◆ Exercise ◆
Within the lines below, the span from the line with "VERSACE 1992 RED" to the line with "Appointments have been", both ends included, is to be reproduced exactly, with pictures omitted.

◆ Data to process ◆

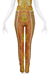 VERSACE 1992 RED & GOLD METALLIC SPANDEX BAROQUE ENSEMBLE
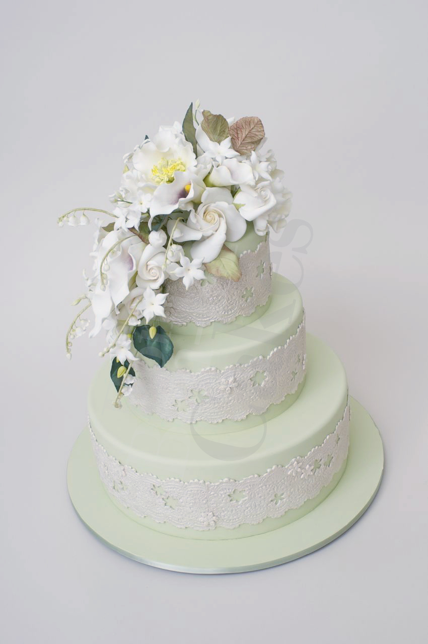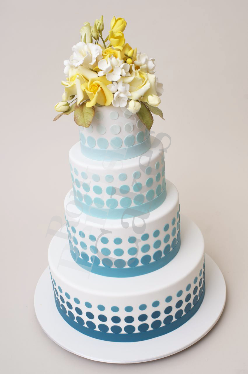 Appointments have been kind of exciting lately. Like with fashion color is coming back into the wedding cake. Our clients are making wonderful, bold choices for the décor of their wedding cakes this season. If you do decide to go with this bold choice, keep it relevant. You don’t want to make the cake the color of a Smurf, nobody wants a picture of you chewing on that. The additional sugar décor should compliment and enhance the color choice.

---

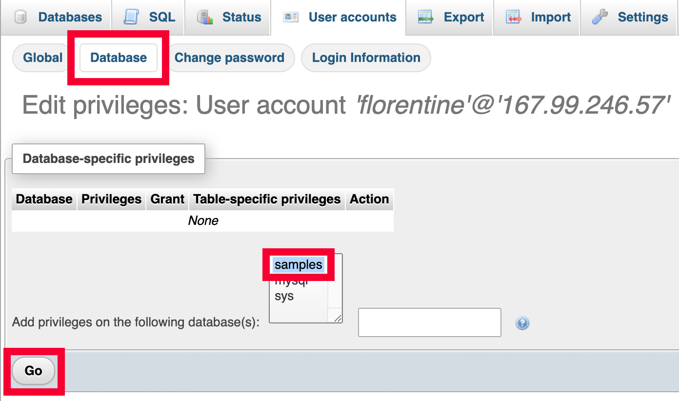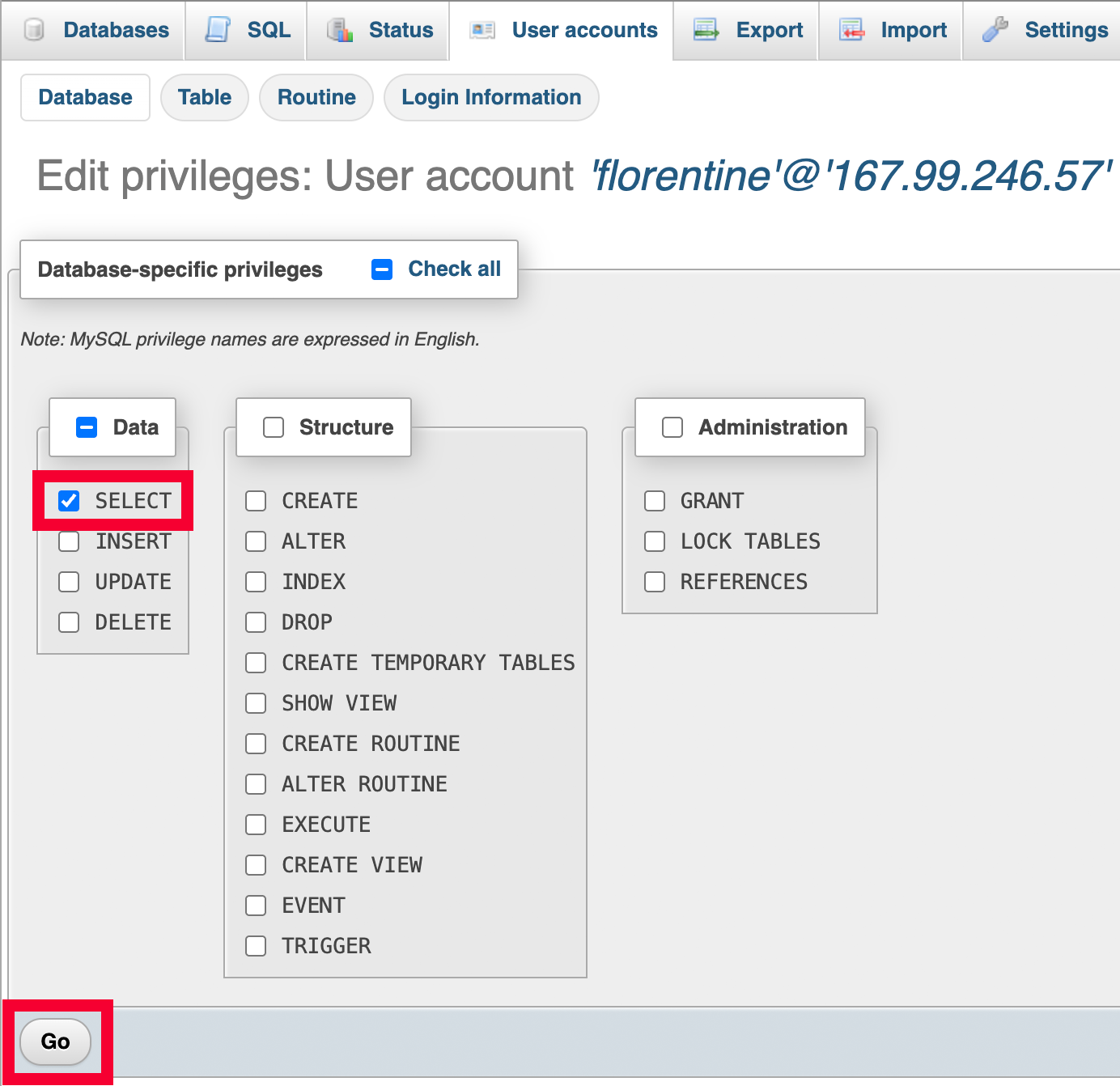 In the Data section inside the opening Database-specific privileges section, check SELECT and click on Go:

---

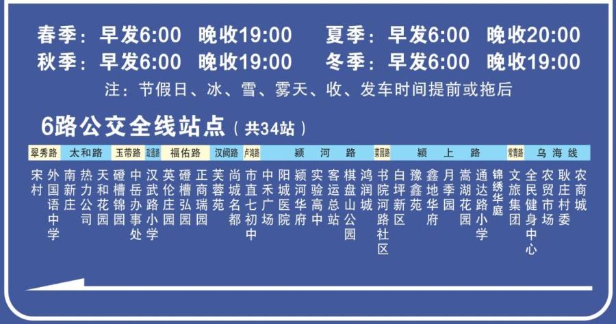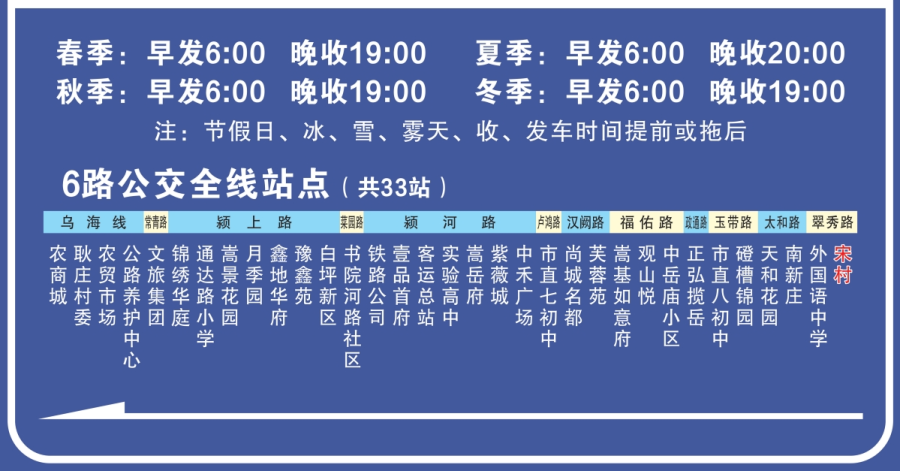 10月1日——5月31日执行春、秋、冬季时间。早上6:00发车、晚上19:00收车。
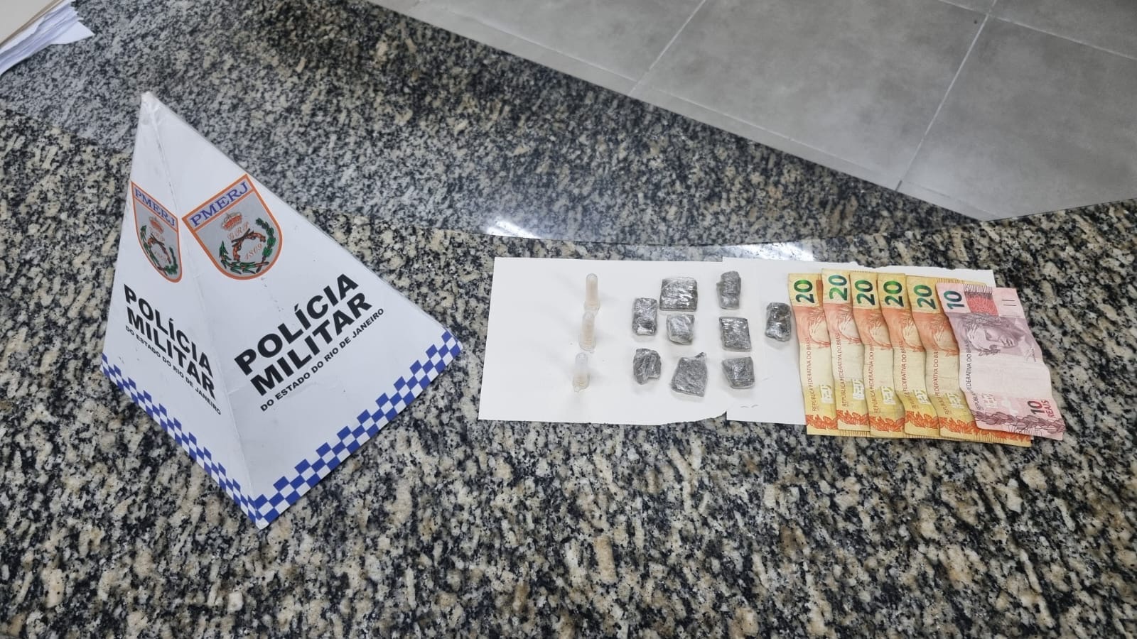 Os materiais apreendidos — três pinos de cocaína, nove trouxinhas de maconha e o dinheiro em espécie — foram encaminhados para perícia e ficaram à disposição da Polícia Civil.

◆ Solution to this problem ◆
 VERSACE 1992 RED & GOLD METALLIC SPANDEX BAROQUE ENSEMBLE
 Appointments have been kind of exciting lately. Like with fashion color is coming back into the wedding cake. Our clients are making wonderful, bold choices for the décor of their wedding cakes this season. If you do decide to go with this bold choice, keep it relevant. You don’t want to make the cake the color of a Smurf, nobody wants a picture of you chewing on that. The additional sugar décor should compliment and enhance the color choice.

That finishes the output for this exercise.